Interviewer: Nelle Shumate
Person Interviewed: Mandy Gibson
Location: Kentucky
There were auction-blocks near the court houses where the slaves were sold to the highest bidders. A slave would be placed on a platform and his merits as a speciman of human power and ability to work was enomerated the bidding began. Young slave girls brought high prices because the more slave children that were born on one’s plantation the richer he would be in the future. Some slaves were kept just for this purpose, the same as prize thorough-bred stock is kept. In many instances slaves were treated like brutes and their places to sleep were like barn sheds with only a little straw, on which to sleep. Mrs. Neikirk’s mother said that she distinctly remembered that the slaves she knew of had only the roughest of food such as: corn bread molasses, and scraps from their owner’s table. Their clothing was such as their owners saw fit to give them and the cheapest.

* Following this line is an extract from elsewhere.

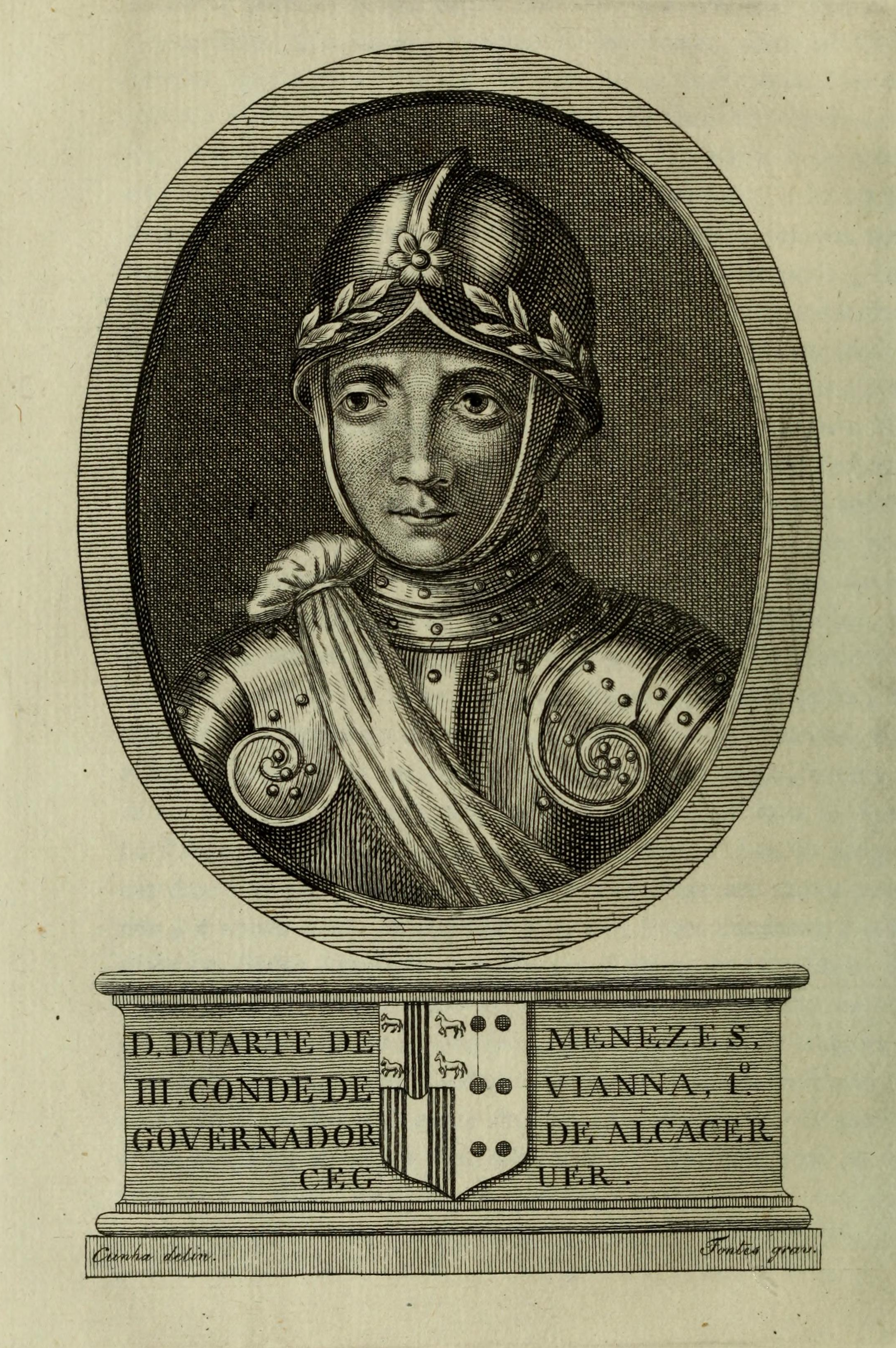 D. Duarte de Menezes (1414-1464), Count of Viana, 1st Governor of Ksar es-Seghir.

An old negro woman, Aunt Mandy Gibson by name, died last month, Sep. in Middlesboro and I have heard her tell about coming here from Alabama when the town of Middlesboro was first founded. When asked about her old home people she would go to great lengths to explain about her people having been slaves, but she would always add that they did not mind slavery as they at that time knew nothing of the outdoor life and therefore desired nothing better. She also said that the family that owned her was a kind nature and was good to slaves.

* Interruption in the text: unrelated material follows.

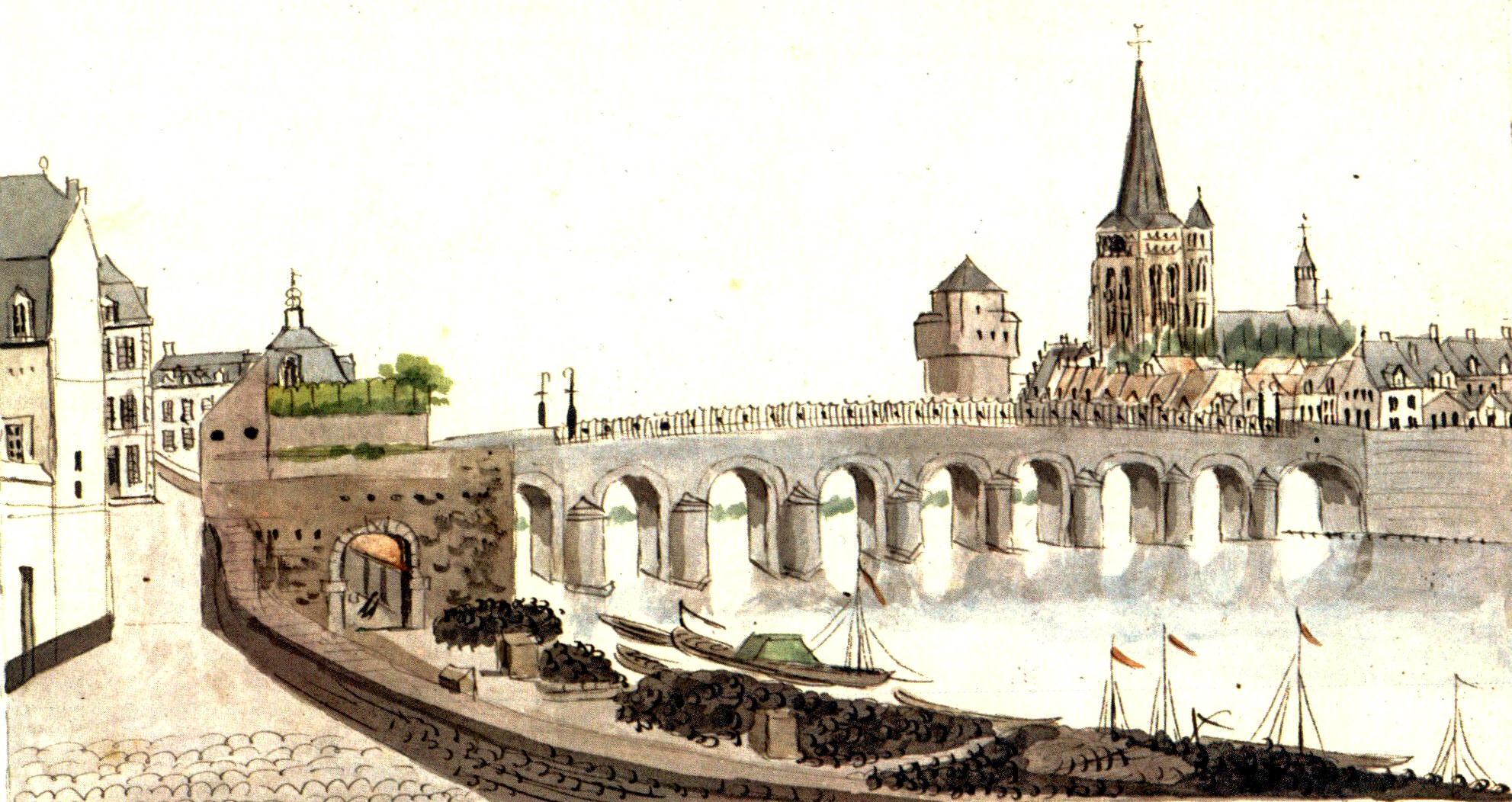 Maastricht, the Netherlands. View of the river Meuse and Saint Servatius Bridge. Along the river the Koolbat quay and the 17th-century Batpoort citygate, which would be demolished one year later to give way for the Canal Liège-Maastricht. Drawing by Philippus van Gulpen, 1848.

Some of the citizens of Middlesboro today can recall stories that their parents told them about the days when slaves were bought and sold in the United States. Among these is one Mrs. Martha Neikirk, a daughter of an old Union soldier now deceased. Mrs. Rhuben Gilbert, Mrs. Neikirk’s mother said that: “Once my mother and I were out in the woods picking huckle-berries and heard a noise as of someone moaning in pain. We kept going toward the sound and finally came to a little brook. Near the water was a negro woman with her head bent over to the ground and weeping as if her heart was broken. Upon asking her what had caused her agony she finally managed to control her emotions enough to sob out her story. The negro woman said then that her master had just sold her to a man that was to take her far away from her present owner and incidently her children. She said this couldn’t be helped but she could ask the good Lord to let her die and get out of the misery she was in.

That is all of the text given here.